Data excerpts Block Start

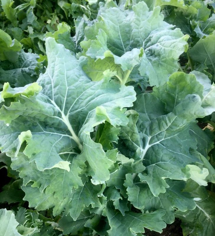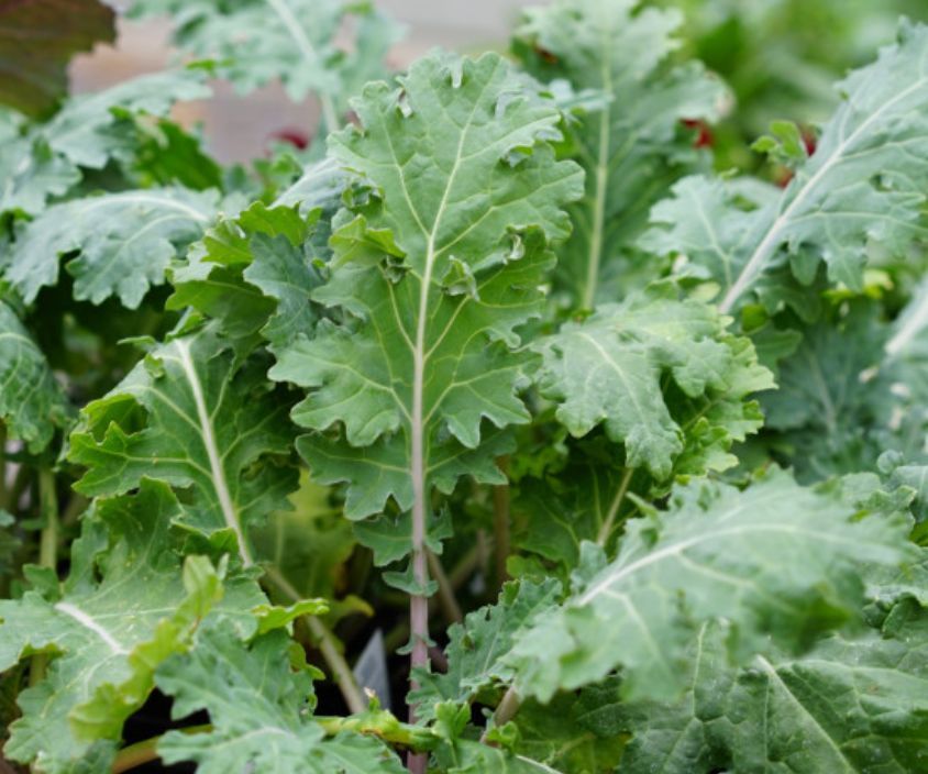 A fresh bunch of mixed kale featuring curly kale, red Russian kale, and Siberian kale. This blend offers a variety of textures and flavors—from robust and hearty to tender and slightly sweet—making it perfect for salads, sautéing, soups, smoothies, and kale chips.
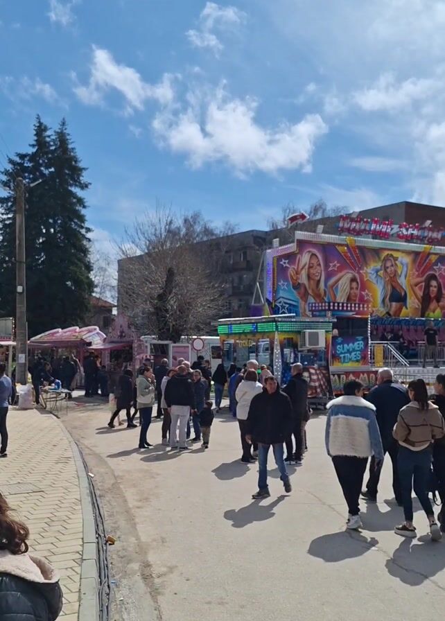 Here's a concise description of the video: The video shows a lively fairground scene during the daytime
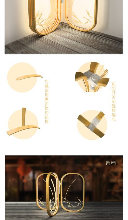这款“窗情”装饰灯的结构由三片竹框架组成,以灯的开关作为旋转中心。这款灯有着收纳功能可以通过旋转改变灯的造 型来适应不同环境。不仅能改变灯光的亮度,而且还可以改变光照射的范围。灯的每片竹蔑通过传统榫卯锁扣的方式与竹 框连成一体。当你慢慢转开灯时,宛如推开窗户望着外景,屋内的烛光照射到窗外的树梢上构成了一幅美丽写意的画面, 仿佛时光流逝回到过去传达着浓浓的情意。
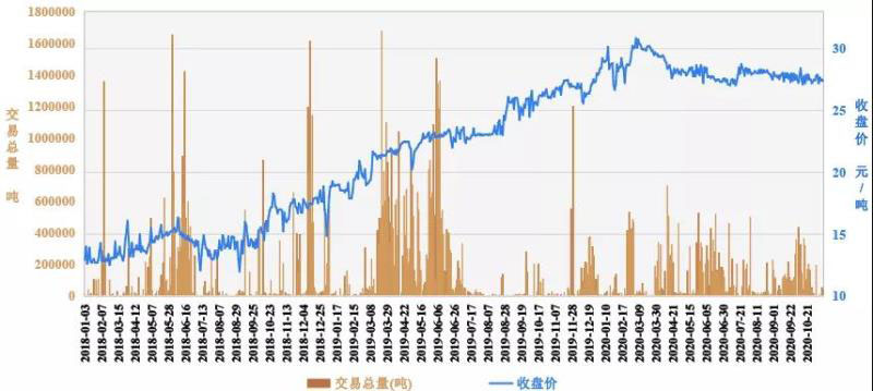 圖2 廣東碳交易二級市場交易總量及收盤價(jià)趨勢圖
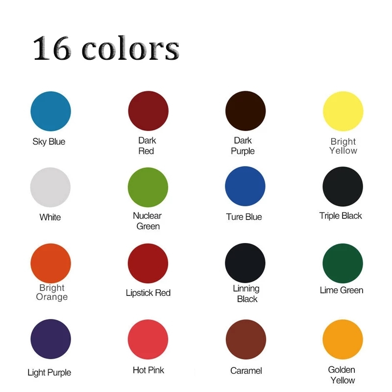 Ядерный зеленый, светло-фиолетовый, ярко-розовый, темно-красный, темно-фиолетовый, синий, карамельный, ярко-оранжевый, небесно-голубой, тройной черный
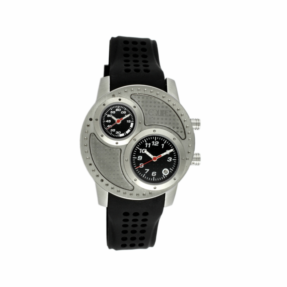 Silver-tone stainless steel case with a black rubber strap. Band width: 21mm. Black dial with analog display, luminous hands, and date display between 4 and 5 o'clock position. Case diameter: 44mm. Case thickness: 10mm. Quartz movement. Mineral crystal. Screw-down crown. Screw-in caseback. Tang clasp. Functions: Hour, Minute, Second. Water resistant: 100 meters (330 feet).
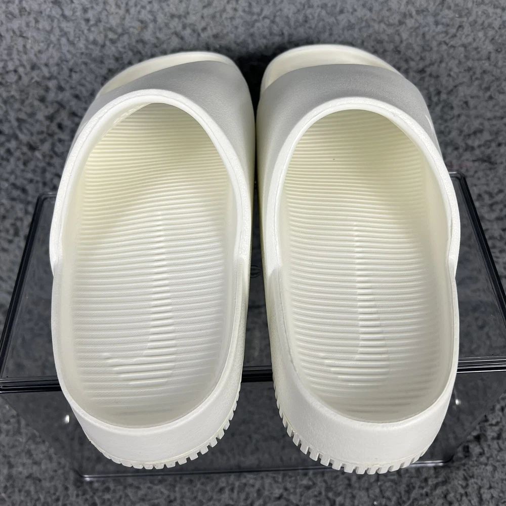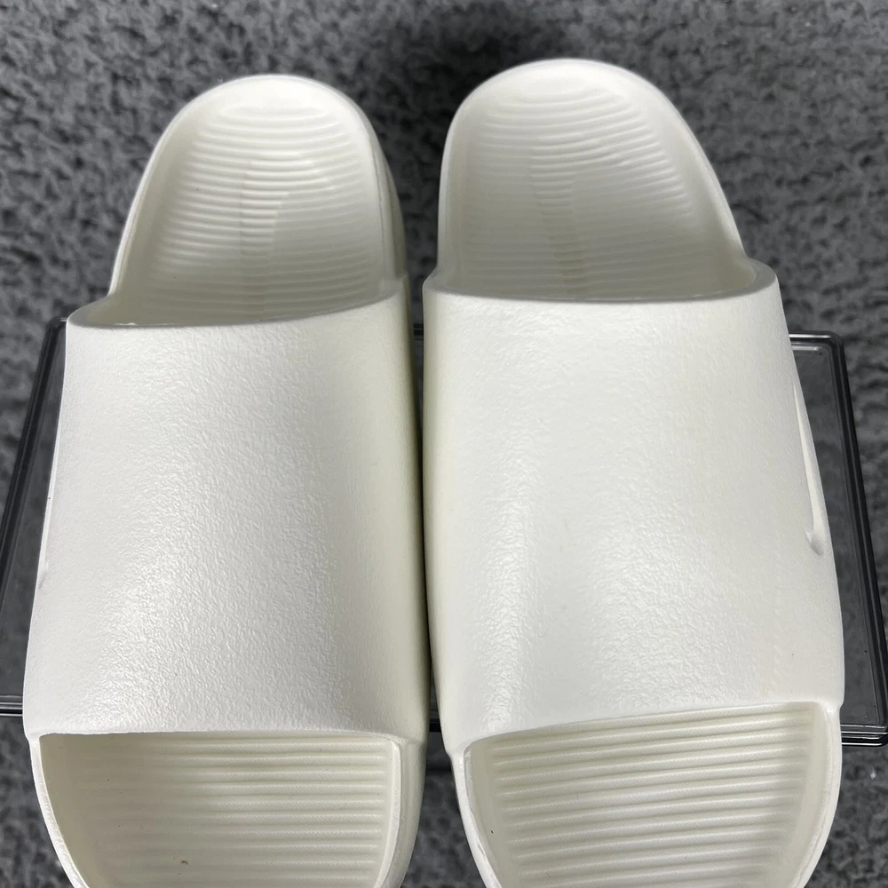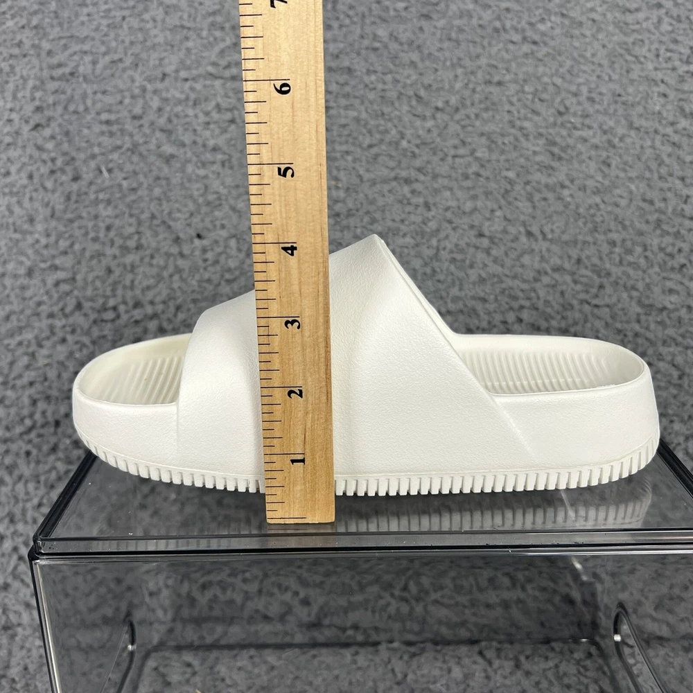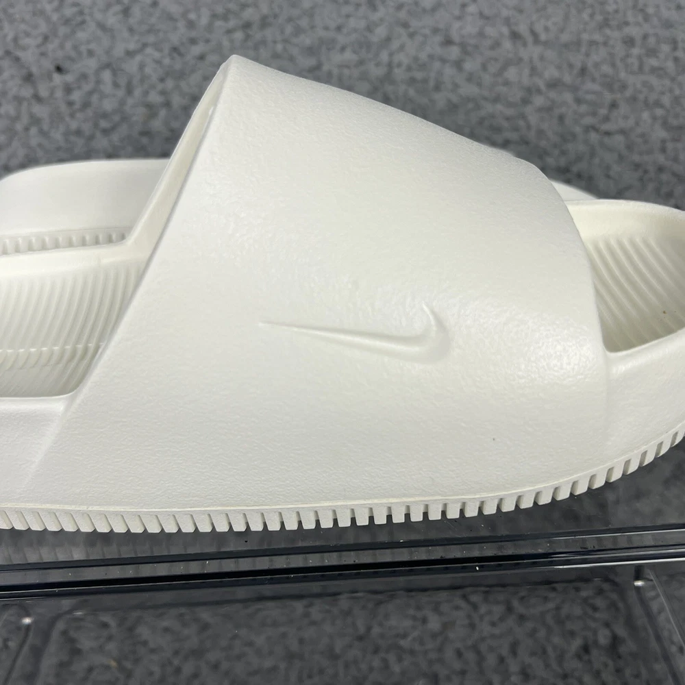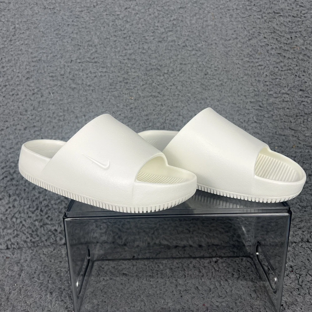 Elevate your casual style with these white Nike Calm Slides in size 5 for women. Designed with a white solid pattern and the Nike logo as an accent, these slide-on sandals are perfect for travel, activewear, and casual occasions. The low heel height and flat style make them comfortable for everyday wear, while the rubber outsole, insole, and upper materials provide durability and support. These sandals are great for sports and college-themed activities, with a cloud-like feel that will make your feet feel relaxed. The standard shoe width ensures a comfortable fit for most women's shoe sizes. Get ready to enjoy the summer, fall, and spring seasons in style with these casual Nike Calm Slides.

Data excerpts Block End

-- Aim of the task --
Every line above should be output exactly, except for the pictures.

-- Answer to this problem --
 A fresh bunch of mixed kale featuring curly kale, red Russian kale, and Siberian kale. This blend offers a variety of textures and flavors—from robust and hearty to tender and slightly sweet—making it perfect for salads, sautéing, soups, smoothies, and kale chips.
 Here's a concise description of the video: The video shows a lively fairground scene during the daytime
这款“窗情”装饰灯的结构由三片竹框架组成,以灯的开关作为旋转中心。这款灯有着收纳功能可以通过旋转改变灯的造 型来适应不同环境。不仅能改变灯光的亮度,而且还可以改变光照射的范围。灯的每片竹蔑通过传统榫卯锁扣的方式与竹 框连成一体。当你慢慢转开灯时,宛如推开窗户望着外景,屋内的烛光照射到窗外的树梢上构成了一幅美丽写意的画面, 仿佛时光流逝回到过去传达着浓浓的情意。
 圖2 廣東碳交易二級市場交易總量及收盤價(jià)趨勢圖
 Ядерный зеленый, светло-фиолетовый, ярко-розовый, темно-красный, темно-фиолетовый, синий, карамельный, ярко-оранжевый, небесно-голубой, тройной черный
 Silver-tone stainless steel case with a black rubber strap. Band width: 21mm. Black dial with analog display, luminous hands, and date display between 4 and 5 o'clock position. Case diameter: 44mm. Case thickness: 10mm. Quartz movement. Mineral crystal. Screw-down crown. Screw-in caseback. Tang clasp. Functions: Hour, Minute, Second. Water resistant: 100 meters (330 feet).
 Elevate your casual style with these white Nike Calm Slides in size 5 for women. Designed with a white solid pattern and the Nike logo as an accent, these slide-on sandals are perfect for travel, activewear, and casual occasions. The low heel height and flat style make them comfortable for everyday wear, while the rubber outsole, insole, and upper materials provide durability and support. These sandals are great for sports and college-themed activities, with a cloud-like feel that will make your feet feel relaxed. The standard shoe width ensures a comfortable fit for most women's shoe sizes. Get ready to enjoy the summer, fall, and spring seasons in style with these casual Nike Calm Slides.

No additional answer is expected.